Recombinant Schistosoma japonicum 25 kDa integral membrane protein

What is the structural characterization of the Schistosoma japonicum 25 kDa integral membrane protein?

The Schistosoma japonicum 25 kDa integral membrane protein is a 224 amino acid protein (full length spanning residues 1-224) that functions as an integral membrane component in the parasite tegument . The protein can be successfully expressed in prokaryotic systems, with E. coli being the most commonly used host for recombinant production .

When expressing this protein recombinantly, researchers typically use a His-tag to facilitate purification, which results in a fusion protein that can be isolated using Ni-NTA agarose chromatography . SDS-PAGE analysis of the purified recombinant protein typically shows a band corresponding to the expected molecular weight of approximately 25 kDa plus the weight of any fusion tags .

The protein's membrane integration suggests it contains hydrophobic domains, making it challenging to express and purify while maintaining native conformation. When designing expression constructs, researchers should consider codon optimization for the expression host and the potential need for detergents during purification to maintain solubility.

How is the Schistosoma japonicum 25 kDa integral membrane protein expressed across different life stages of the parasite?

The 25 kDa integral membrane protein shows stage-specific expression patterns, with higher expression levels generally observed in adult stages of S. japonicum. This protein is notably expressed in the tegument of the parasite, which is the syncytial outer layer that interfaces directly with the host environment .

Research has identified this protein as an orthologue in the S. japonicum tegument, suggesting its importance in host-parasite interactions . When studying stage-specific expression, quantitative real-time PCR (qRT-PCR) is the method of choice, allowing researchers to analyze relative mRNA expression levels across eggs, cercariae, and parasites collected at various days post-infection (dpi).

For experimental design, researchers should:

• Collect parasites at multiple developmental stages (eggs, cercariae, and adults at 7, 14, 21, and 28 dpi)

• Extract total RNA using standard protocols

• Perform reverse transcription to generate cDNA

• Design specific primers for the 25 kDa integral membrane protein gene

• Normalize expression using validated housekeeping genes

• Calculate relative expression using the 2^-ΔCt method

What are the standard methods for detecting Schistosoma japonicum 25 kDa integral membrane protein in experimental samples?

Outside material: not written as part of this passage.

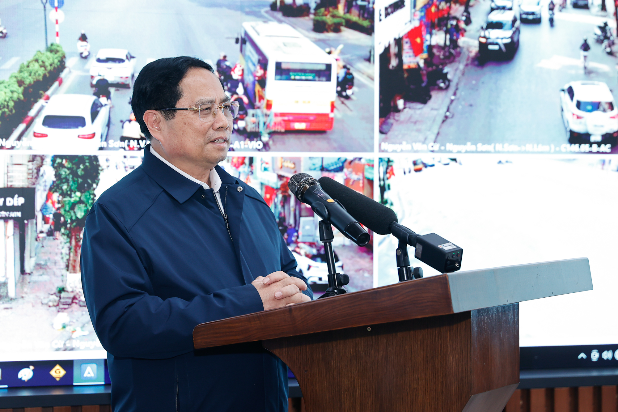 Thủ tướng Phạm Minh Chính chúc Tết và giao nhiệm vụ cho lực lượng cảnh sát giao thông - Ảnh: VGP/Nhật Bắc
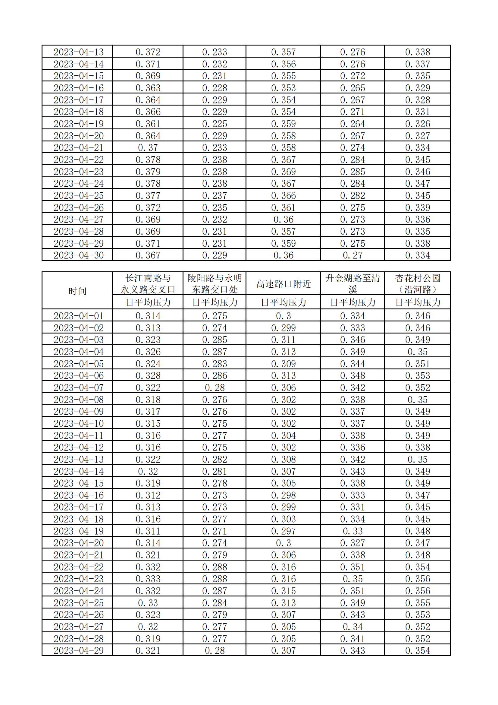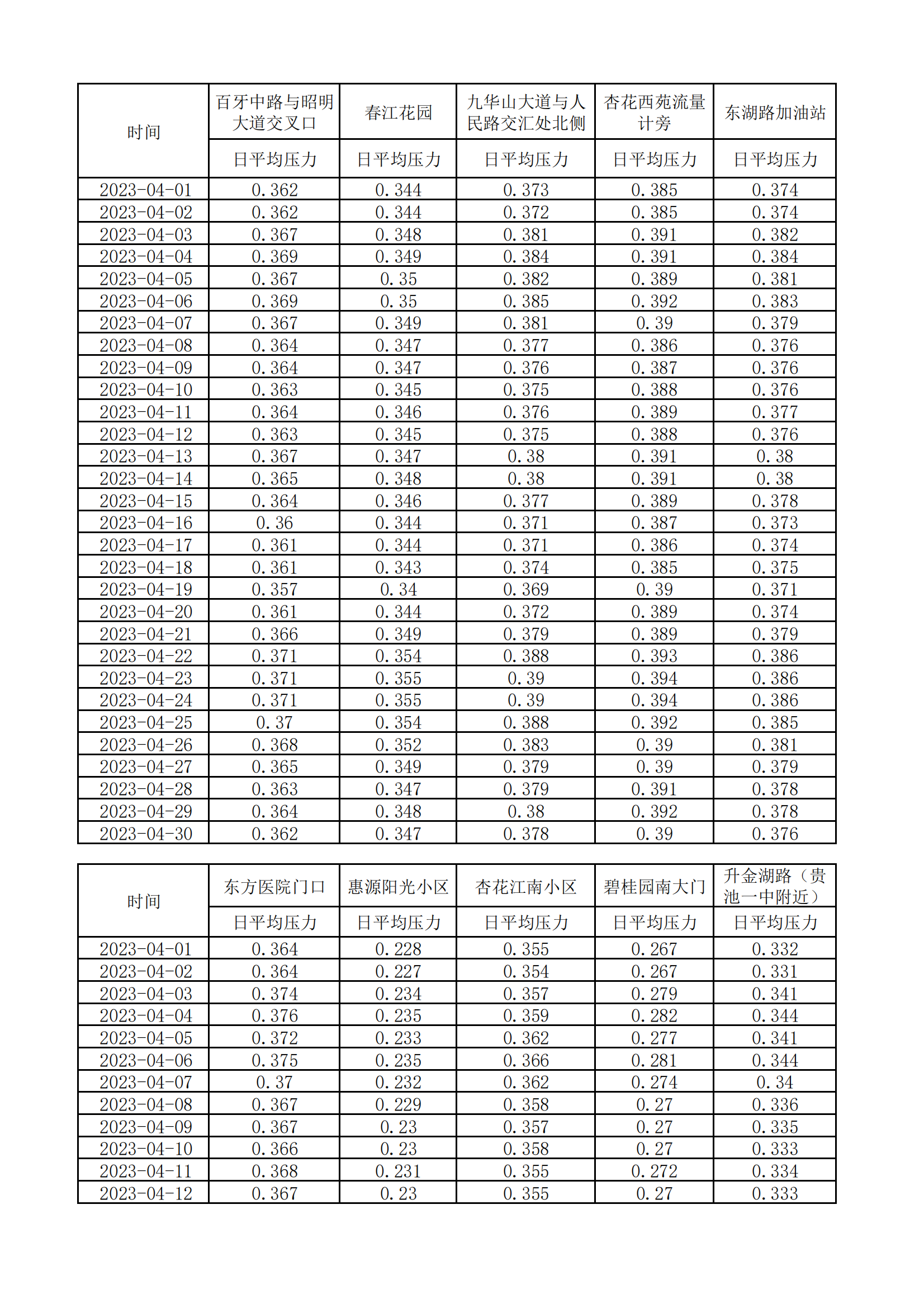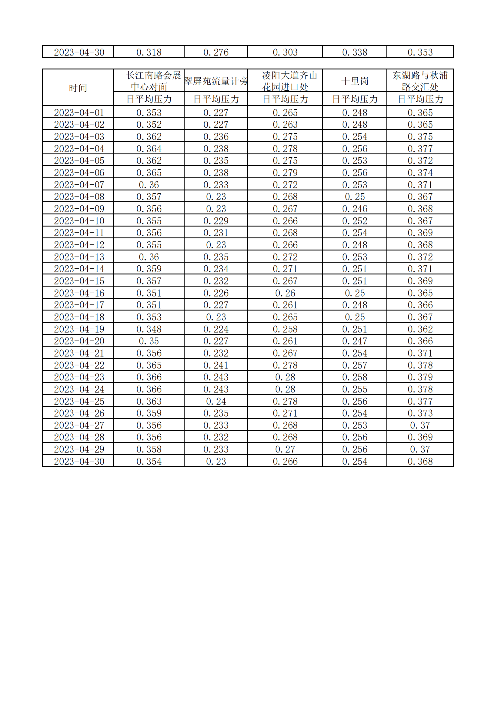 池州市供水有限公司 2023 年4月水壓 公告 | |

Several methods have been standardized for detecting the S. japonicum 25 kDa integral membrane protein, with ELISA and Western blot being the most commonly employed techniques:

ELISA Protocol:

• Coat microplate wells with purified recombinant protein (optimize concentration between 2-6 μg/mL)

• Block non-specific binding sites with PBS containing 0.1% Tween-20 (PBST) and 5% non-fat dry milk

• Add serum samples at optimized dilutions (typically 1:100 to 1:800)

• Incubate with appropriate HRP-conjugated secondary antibody (optimize dilution between 1:2500 to 1:20000)

• Develop with substrate solution (optimize reaction time between 5-20 minutes)

• Measure absorbance at 450 nm

Western Blot Protocol:

• Separate proteins using 12% SDS-PAGE under reducing conditions

• Transfer to PVDF membrane

• Block with PBST containing 5% non-fat dry milk

• Incubate with primary antibody (infected sera at 1:200 dilution)

• Wash with PBST

• Incubate with HRP-conjugated secondary antibody (1:5000 dilution)

• Develop using chemiluminescent substrate

• Detect immunoreactive bands using an imaging system

These methods can be used for various applications including protein detection in parasite extracts, evaluation of recombinant protein quality, and assessment of immunoreactivity with infected host sera.

What is the gene expression profile of the 25 kDa integral membrane protein compared to other Schistosoma proteins?

Meta-analysis of RNA-seq data across Schistosoma life stages provides insights into the relative expression levels of the 25 kDa integral membrane protein. When compared to other Schistosoma proteins, the expression pattern reveals its importance in specific stages of the parasite life cycle.

The table shows that while the 25 kDa integral membrane protein has significant stage-specific expression (1,584.7-fold difference), other proteins like Sm_p14 demonstrate even more dramatic stage-specificity (122,294.5-fold difference) . This comparative analysis helps researchers understand the relative importance of the 25 kDa protein within the context of the parasite's proteome.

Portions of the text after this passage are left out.